This repository contains the code to reproduce the experiments in the TALG22 paper:
Antonio Boffa, Paolo Ferragina, and Giorgio Vinciguerra. 2022. A Learned Approach to Design Compressed Rank/Select Data Structures. ACM Trans. Algorithms 18, 3, Article 24 (October 2022), 28 pages. DOI:https://doi.org/10.1145/3524060
In brief, the paper follows a recent line of research on the so-called learned data structures. It provides a “learned” scheme for implementing a rank/select dictionary over compressed space. In particular, it introduces a novel lossless compressed storage scheme for the input dictionary which turns this problem into the one of approximating a set of points in the Cartesian plane via segments. The storage of the dictionary can be defined by means of a compressed encoding of these segments and the “errors” they do in approximating the input integers. Proper algorithms and data structures are then added to this compressed storage scheme to support fast rank and select operations.

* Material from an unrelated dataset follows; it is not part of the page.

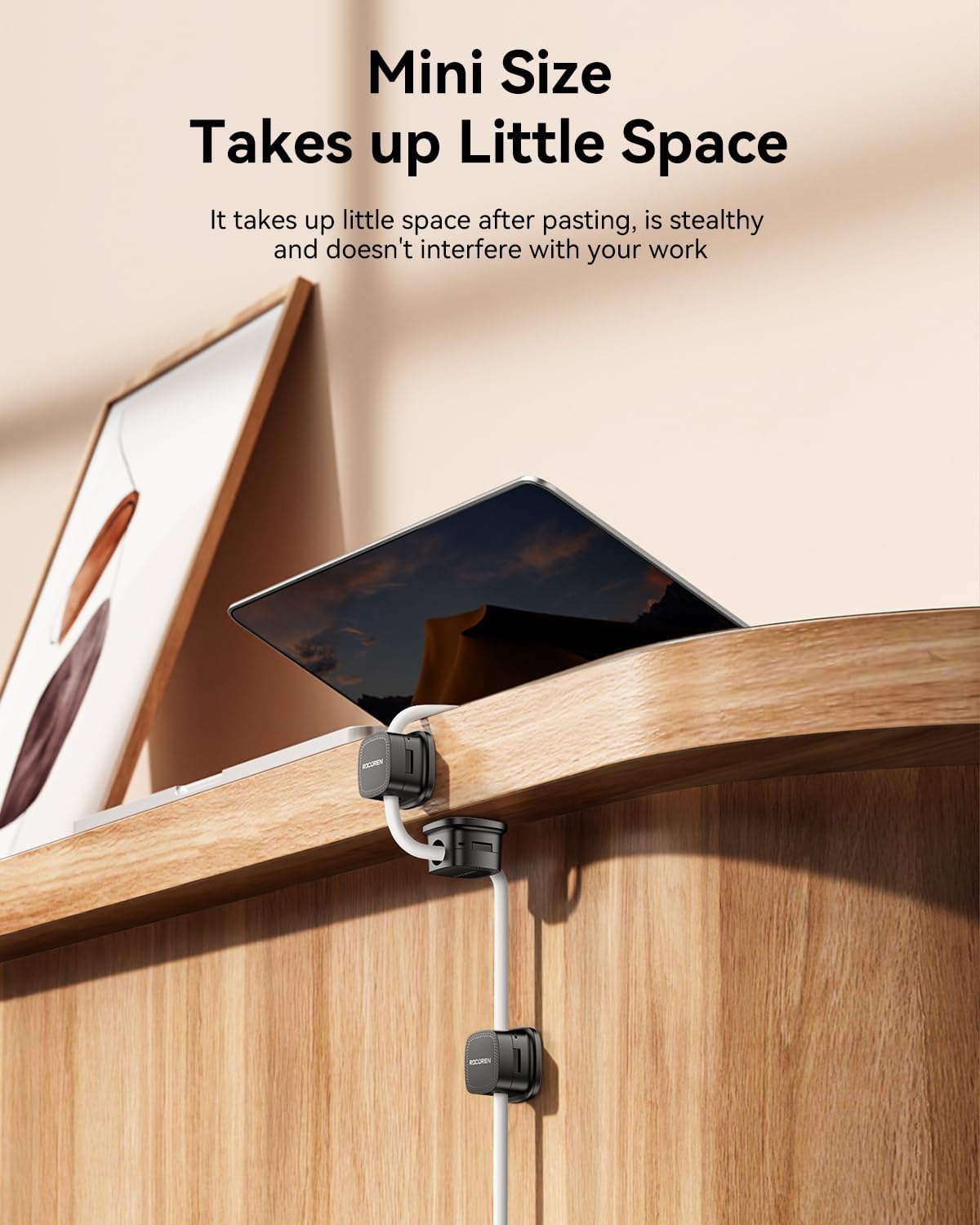- Super Adhesive:The cable management Equipped with Upgrade Acrylic Adhesive, the adhesiveness is increased by 300% compared to ordinary 3M. It firmly adheres to smooth surfaces such as wooden tables/glass/ceramic tiles, and does not leave any residual glue after removal. Each box comes with a Reusable Adhesive Pad, which extends the service life and is more environmentally friendly and economical.

A preliminary version of this work appeared in (repo):
Antonio Boffa, Paolo Ferragina, and Giorgio Vinciguerra. A "learned" approach to quicken and compress rank/select dictionaries. In Proceedings of the Symposium on Algorithm Engineering and Experiments (ALENEX). SIAM, 2020. DOI:https://doi.org/10.1137/1.9781611976472.4
This repo includes several new experiments: study of high-order compression of the aforesaid
approximation errors; a new improved hybrid data structure that combines our la_vector
with existing rank/select dictionaries; more comprehensive experimental
evaluation of the la_vector
that includes other recently proposed rank/select dictionary implementations (for example: sdsl::s18_vector (repo, article) and sdsl::rle_vector (repo).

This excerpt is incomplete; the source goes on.